INFORMATION SUPPLIED —
####

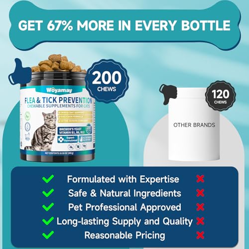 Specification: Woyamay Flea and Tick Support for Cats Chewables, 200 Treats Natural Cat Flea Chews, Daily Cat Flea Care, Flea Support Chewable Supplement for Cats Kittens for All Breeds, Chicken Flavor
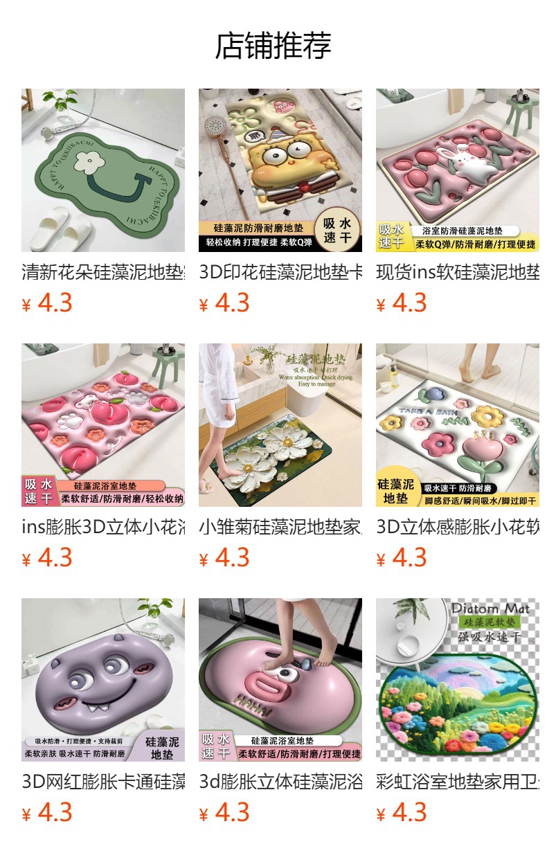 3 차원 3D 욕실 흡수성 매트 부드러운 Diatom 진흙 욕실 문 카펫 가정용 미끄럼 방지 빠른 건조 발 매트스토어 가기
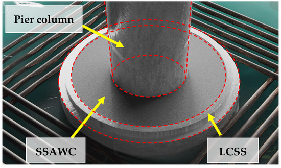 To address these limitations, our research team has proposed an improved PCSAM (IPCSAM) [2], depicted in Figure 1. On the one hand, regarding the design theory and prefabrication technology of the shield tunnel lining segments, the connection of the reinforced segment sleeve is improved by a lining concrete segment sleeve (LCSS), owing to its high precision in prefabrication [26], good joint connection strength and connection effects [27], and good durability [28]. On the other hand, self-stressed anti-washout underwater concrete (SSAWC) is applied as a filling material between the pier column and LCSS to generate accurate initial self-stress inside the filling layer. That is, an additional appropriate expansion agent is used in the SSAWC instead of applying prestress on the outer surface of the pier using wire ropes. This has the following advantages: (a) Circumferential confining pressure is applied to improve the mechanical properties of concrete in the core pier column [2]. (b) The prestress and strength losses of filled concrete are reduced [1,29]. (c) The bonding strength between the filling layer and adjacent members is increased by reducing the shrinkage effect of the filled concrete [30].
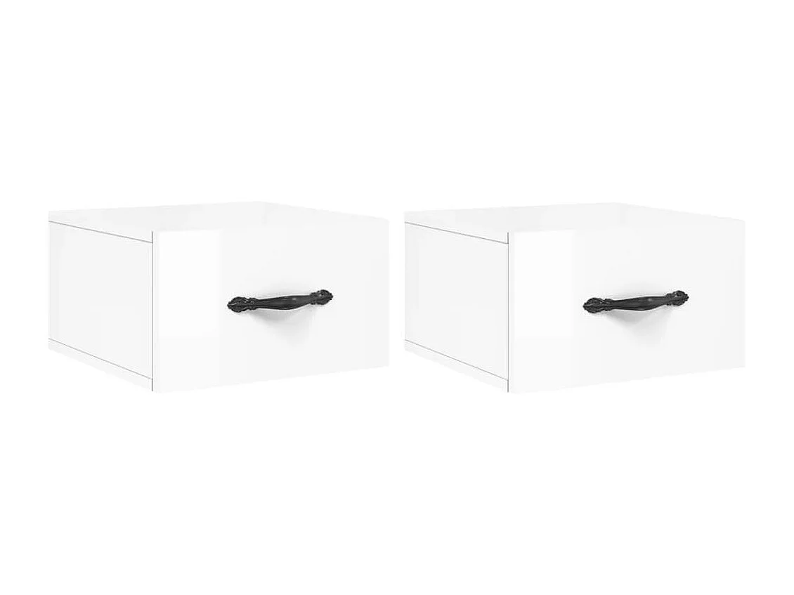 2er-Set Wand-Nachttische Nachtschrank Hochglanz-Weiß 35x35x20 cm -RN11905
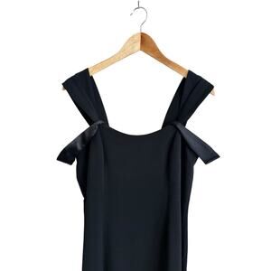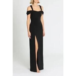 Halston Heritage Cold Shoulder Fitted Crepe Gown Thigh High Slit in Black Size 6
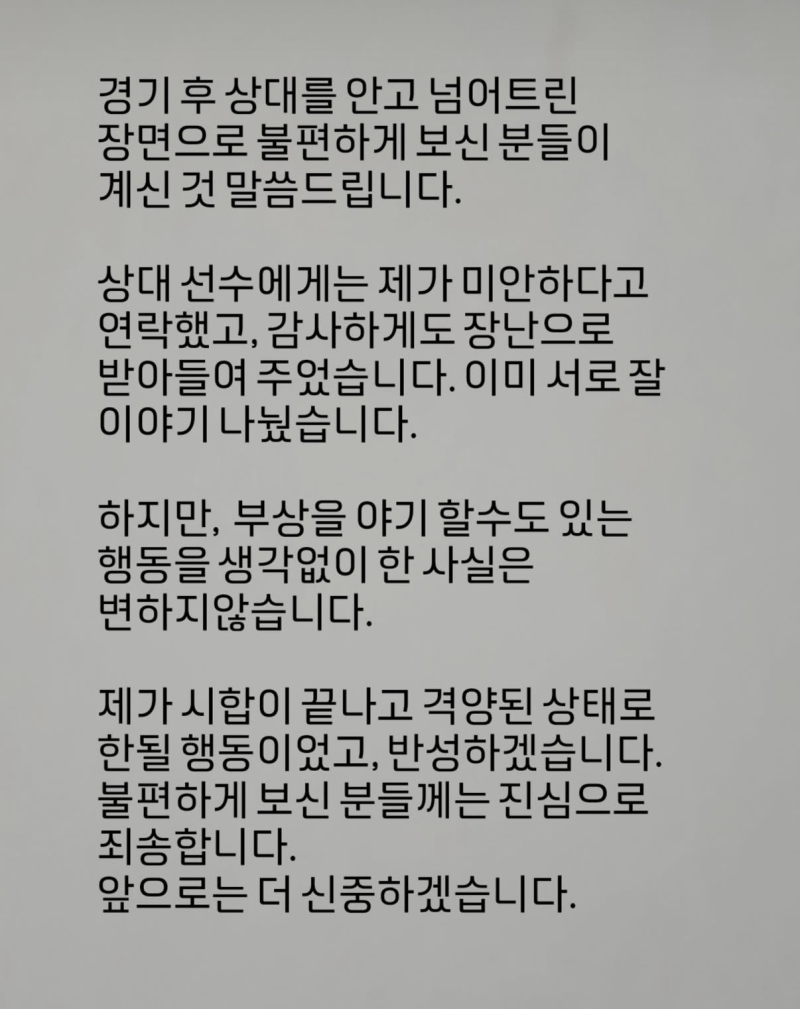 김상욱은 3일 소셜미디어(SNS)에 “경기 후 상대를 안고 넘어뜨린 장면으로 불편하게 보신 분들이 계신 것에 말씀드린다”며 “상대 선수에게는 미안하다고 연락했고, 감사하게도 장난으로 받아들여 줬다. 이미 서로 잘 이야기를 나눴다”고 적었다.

####

WORK ORDER —
Nothing but an exact copy is asked for: the lines from the start of the records through the line with "3 차원 3D 욕실 흡수성", both ends included, minus any pictures.

EXERCISE ANSWER —
 Specification: Woyamay Flea and Tick Support for Cats Chewables, 200 Treats Natural Cat Flea Chews, Daily Cat Flea Care, Flea Support Chewable Supplement for Cats Kittens for All Breeds, Chicken Flavor
 3 차원 3D 욕실 흡수성 매트 부드러운 Diatom 진흙 욕실 문 카펫 가정용 미끄럼 방지 빠른 건조 발 매트스토어 가기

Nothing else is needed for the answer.